Date of Diagnosis: March 2017
Age at Diagnosis: 32
Country: New Zealand
I Am: A wife, a daughter, a friend and an optometrist. I am an ‘aunt’ to eight of my cousins’ wonderful children. I’ve volunteered for Land Search and Rescue and Volunteer Ophthalmic Services Overseas. I rock climb and tramp (overnight hike). I’ve run three half marathons and I bake a great cake.
I am also the holder of a letter that states with current medical therapies I likely have 5 to 15 years left to live.
I am someone who would like to live long enough to eat fruit from the trees I planted this year. A woman who wants to be a mother (by surrogacy because the hormones to carry a pregnancy would fuel my cancer and kill me) and have time enough to see them grow up and become adults. A wife who wants to see my husband when he is grey and wrinkled and share in the satisfaction of a life lived together. A daughter who would like to take care of my parents in their old age, instead of them taking care of me, and save them the pain of burying their third and final child. A person who loves life and wants so much more of it.
The cancer was found when: I was driving from Wellington to Dunedin to start a new job. The tumour caused my ovary to twist and the pain finally was severe enough that the doctors could not ignore it. I’d been experiencing symptoms for well over a year – initially changes in bowel motions then fatigue and frequent urination, followed by intermittent aches, reduced appetite, an occasionally spasming thigh – various and vague – I now understand it was dependent on what structure the tumour was pushing against.

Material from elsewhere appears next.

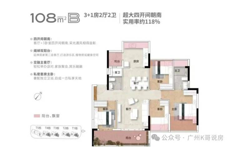 (二)建面约 108㎡ 四房 2 厅 2 卫 —— 主流改善爆款・四开间朝南

I saw my GP repeatedly and they always had a good explanation, a reason why my worsening symptoms were harmless and didn’t require investigation. I was told I was too young for cancer. I self tested myself with a pharmacy screening test for bowel cancer, it was negative. I googled my symptoms and nothing serious came up. I was made to feel like a hypochondriac. Unfortunately the surgeon who saw me for my emergency surgery decided it wasn’t cancer. They told me they would remove the whole ovary but I awoke to be told the “good news” that they left it behind. They ruptured the 6cm tumour in an attempt to keep my scarring small.

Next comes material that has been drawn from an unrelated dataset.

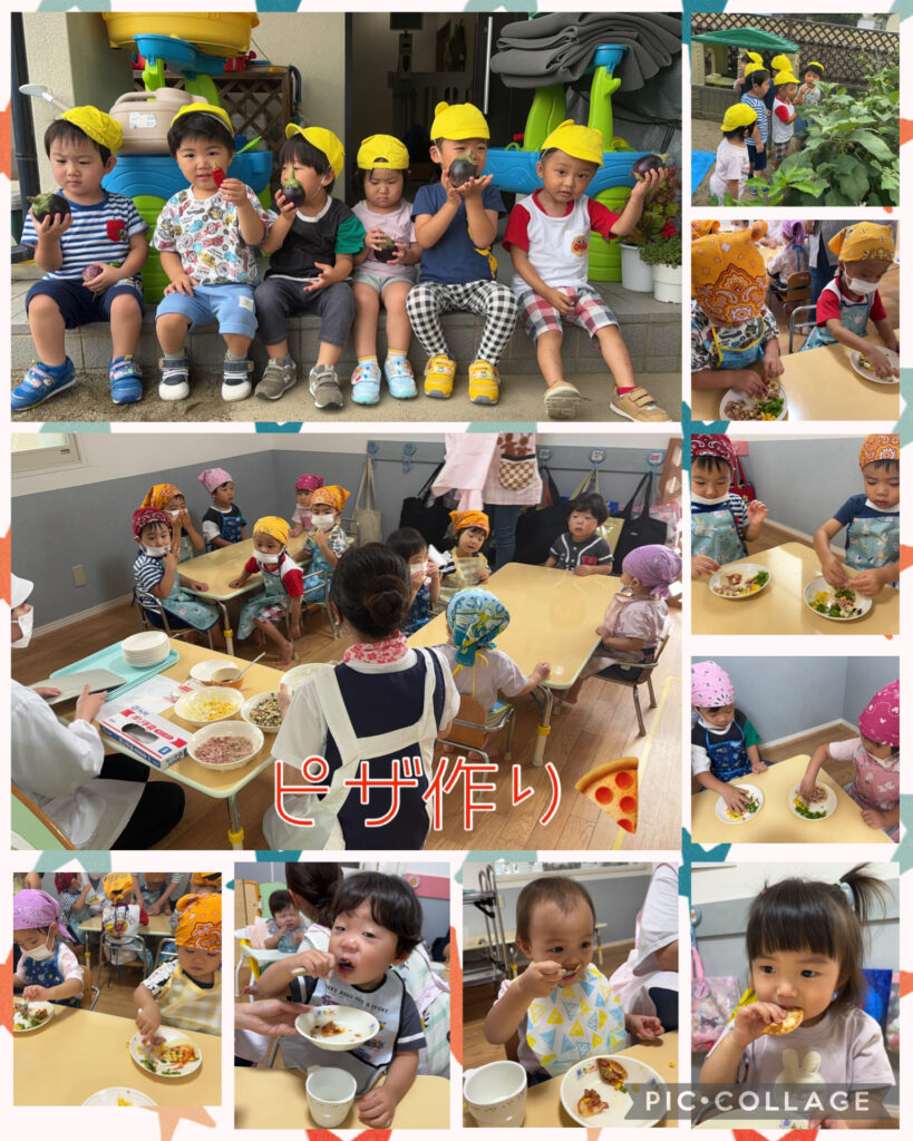 次は食育でピザを作った時の様子です🍕園庭の畑で収穫したなすやピーマンもトッピング!!野菜たっぷりでしたが、みんなとても美味しそうに食べていました😋

Two weeks later my pathology came back as Low Grade Serous Ovarian Cancer – 2B. B because it had been spread throughout my stomach fluid after the surgeon burst it. 2 because it had grown on the surface of my abdomen wall and organs. If it had been caught at stage one my future would have been entirely different. However, among women with this cancer my story is sadly far from unique.

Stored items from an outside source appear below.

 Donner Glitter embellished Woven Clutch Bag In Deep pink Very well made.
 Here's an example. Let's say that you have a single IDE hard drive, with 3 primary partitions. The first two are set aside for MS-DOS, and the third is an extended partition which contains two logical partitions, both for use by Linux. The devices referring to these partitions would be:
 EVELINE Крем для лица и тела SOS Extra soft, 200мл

How your donations would impact me: There has been dramatic progress in the survival of other cancers in recent years including acute lymphoblastic leukaemia and mantle cell lymphoma. Many people who just five years ago were incurable are now cancer free with normal life expectancies. And in my lifetime the survival of breast cancer has almost doubled.
I have met some incredible doctors and researchers who truely believe it is within their ability to find a cure but without the help of people like yourself, their work won’t be funded. In practical terms your donations will give my doctors better knowledge to treat me, and medications that otherwise might not be available.
Your donations give me hope. Hope of a better future, one where cancer is just the middle of the story, not the end.
What I would say to someone else going through this: Be kind to yourself. Don’t hold yourself to your pre-cancer standards. You are coping with something harder than most people could ever imagine. It’s ok not to be perfect anymore.